Fig. 9.. NARF is highly expressed in human breast cancers and is correlated with patient mortality.

(A) NARF mRNA expression in primary breast cancer samples (n = 1097) relative to adjacent normal tissue (n = 114) from TCGA database is shown. ****P < 0.0001 versus normal (two-tailed Student’s t test). (B) NARF protein expression in primary breast cancer samples (n = 125) relative to normal breast tissue (n = 18) from Clinical Proteomic Tumor Analysis Consortium database is shown. **P < 0.01 versus normal (two-tailed Student’s t test). (C) The relative log₂ expression of NARF mRNA from 700 human breast cancer specimens that were stratified according to molecular subtype is shown. Statistical analysis was performed by one-way ANOVA with Bonferroni’s post hoc testing; P < 0.0001 for basal-like versus other groups. (D) Kaplan-Meier analysis of relapse-free survival over 10 years was performed on the basis of clinical and molecular data from 4929 breast cancer patients. The patients were stratified by NARF mRNA levels in the primary tumor, which were greater (red) or less (black) than the median. The hazard ratio (HR) and P value (log-rank test) are shown. (E and F) Immunohistochemical staining for NARF was performed in tumor tissue from 89 patients with breast cancer (E). Kaplan-Meier analysis for overall survival (F) was performed according to scoring of NARF expression.

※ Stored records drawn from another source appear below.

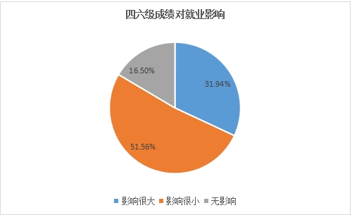除专业和学历外,英语水平作为企业衡量应届生个人能力的重要指标,对就业的影响不可小觑,报告显示,32%应届生表示四六级成绩对其就业有很大影响。
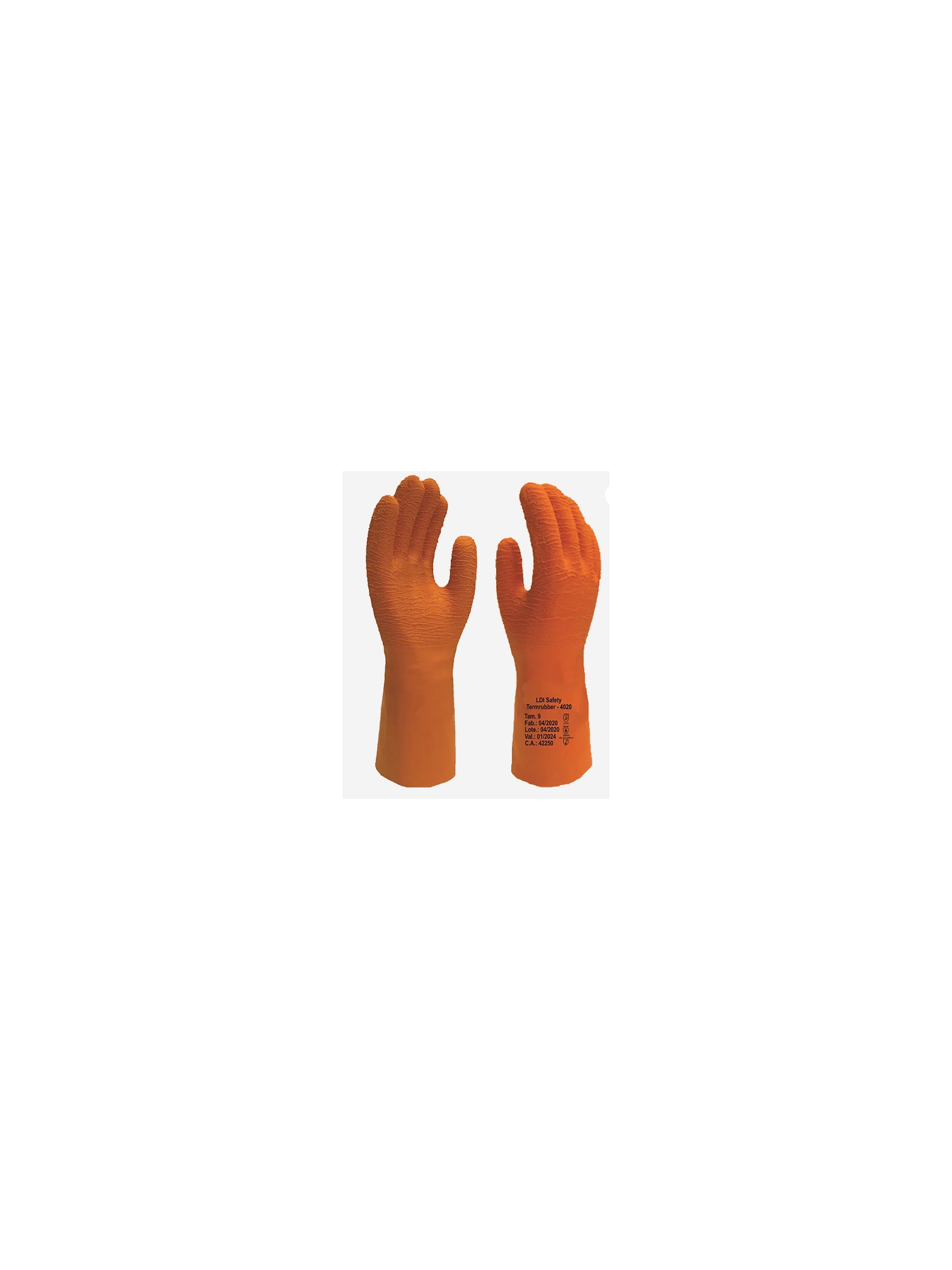 Luva de segurança confeccionada em fibras naturais revestimento total em borracha natural, acabamento rugoso na palma, dedos e dorso.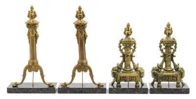 comprising a pair in the form of Ionic columns with flame finials, each raised on two splayed legs terminating in paw feet, together with a pair in the form of Ionic columns with flame finials and flanked by cornucopias, each raised on a shaped base terminating in paw feet and set on a rectangular marble plinth.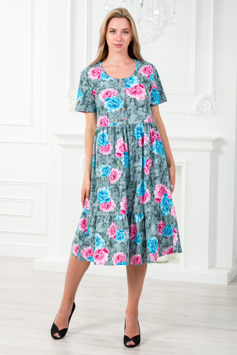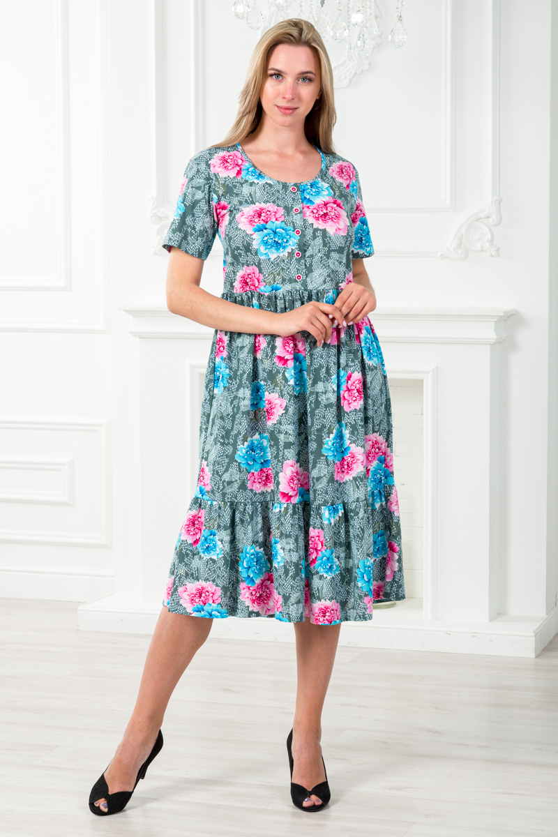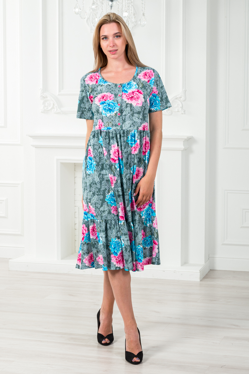 Платье женское с рукавами из кулирки Шейла пион на сером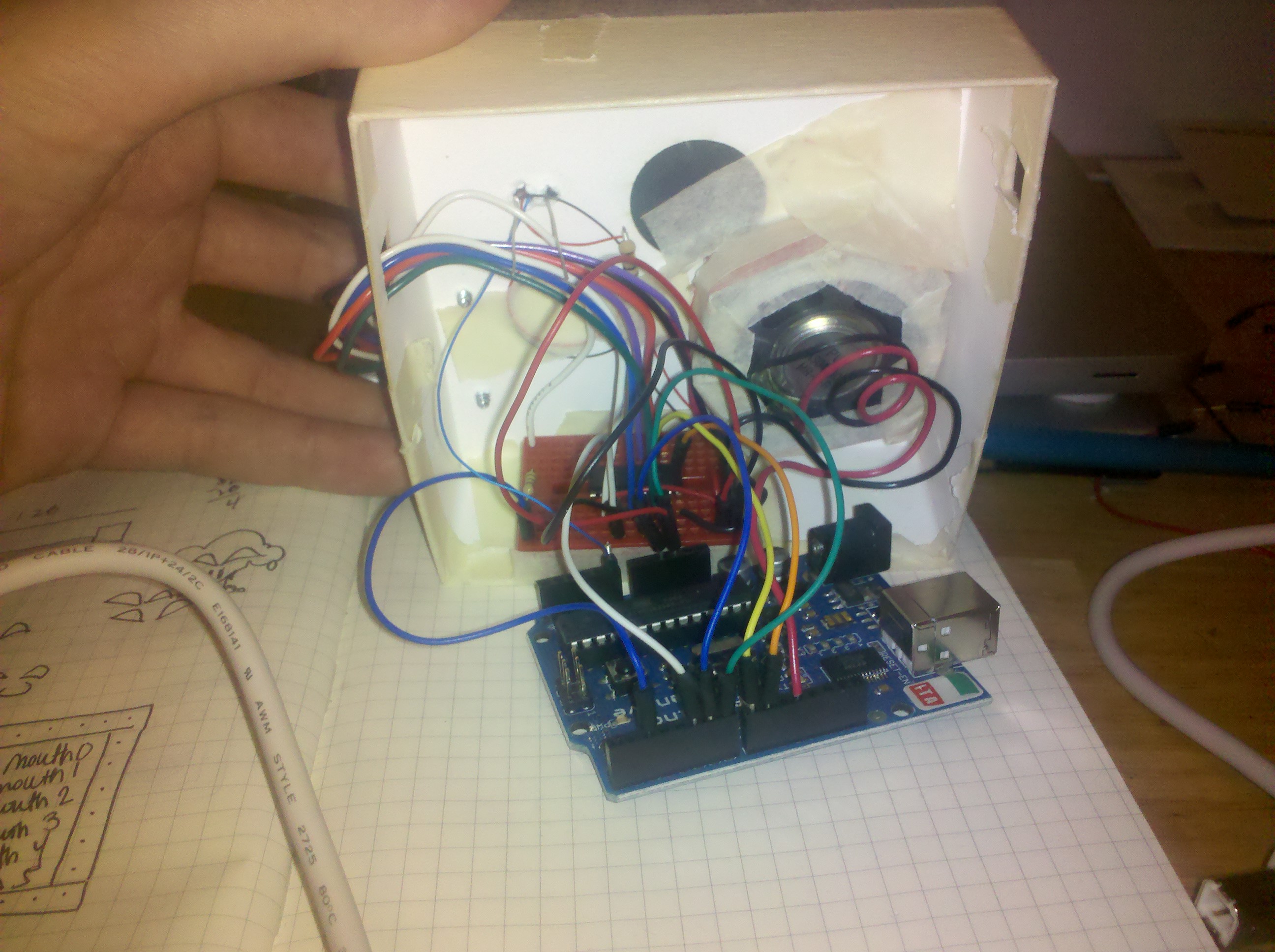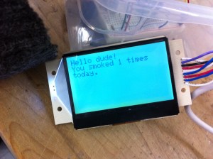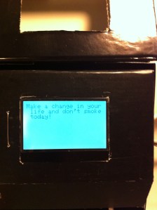 The idea was to make a cigarette box for a person who wants to quit smoking. It contains the cigars in it so it detects each time you open the box to get a cigarette. Ideally, it would output how many times the box is opened, when it’s last opened (how many minutes passed since), a sad character if you open it too often, a happy character if you open it seldom. And it would play different sounds for different steps. One sound for 5th time, another more harsh one for 10th, harsher for 15 and a dying sound for 20.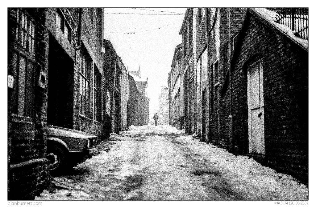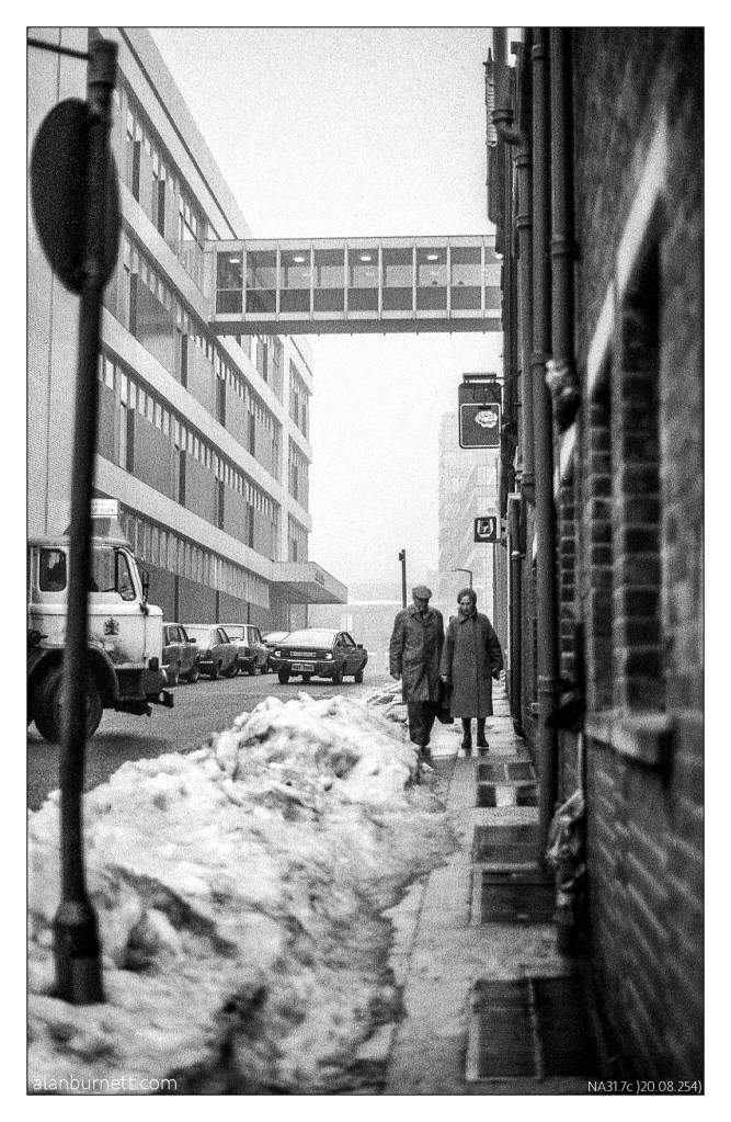 More photographs of Sheffield from the 1980s. Looking back at these old photographs of mine, I can’t help but try to identify what has changed, not so much in terms of buildings, but in terms of the feel and the atmosphere. These grainy black and white images are responsible for a lot of the perceived change: just as our real memories fade, our photographic memories loose colour and definition. Although there are plenty of people on the streets – despite the weather – there is also an element of emptiness – the scenes have been drained of objects, leaving only the dirty snow drifts, the misty lines of buildings and the unmistakeable shape of 1980s cars. We can also pick up detailed clues to change: shops that have long gone, services for machines that no longer exist. The photographs are full of steel city snow mixed with a generous helping of grainy nostalgia.

Fig. 10.. HIF-1–dependent NARF expression promotes OCT4-mediated breast cancer stem cell specification.

(A and B) Hypoxia induces HIF-1–mediated expression of NARF (A), which enables KDM6A recruitment to OCT4 binding sites to erase inhibitory H3K27me3 chromatin marks, thereby licensing transcription of OCT4 target genes encoding pluripotency factors (NANOG, KLF4, and SOX2) that specify the BCSC phenotype (B).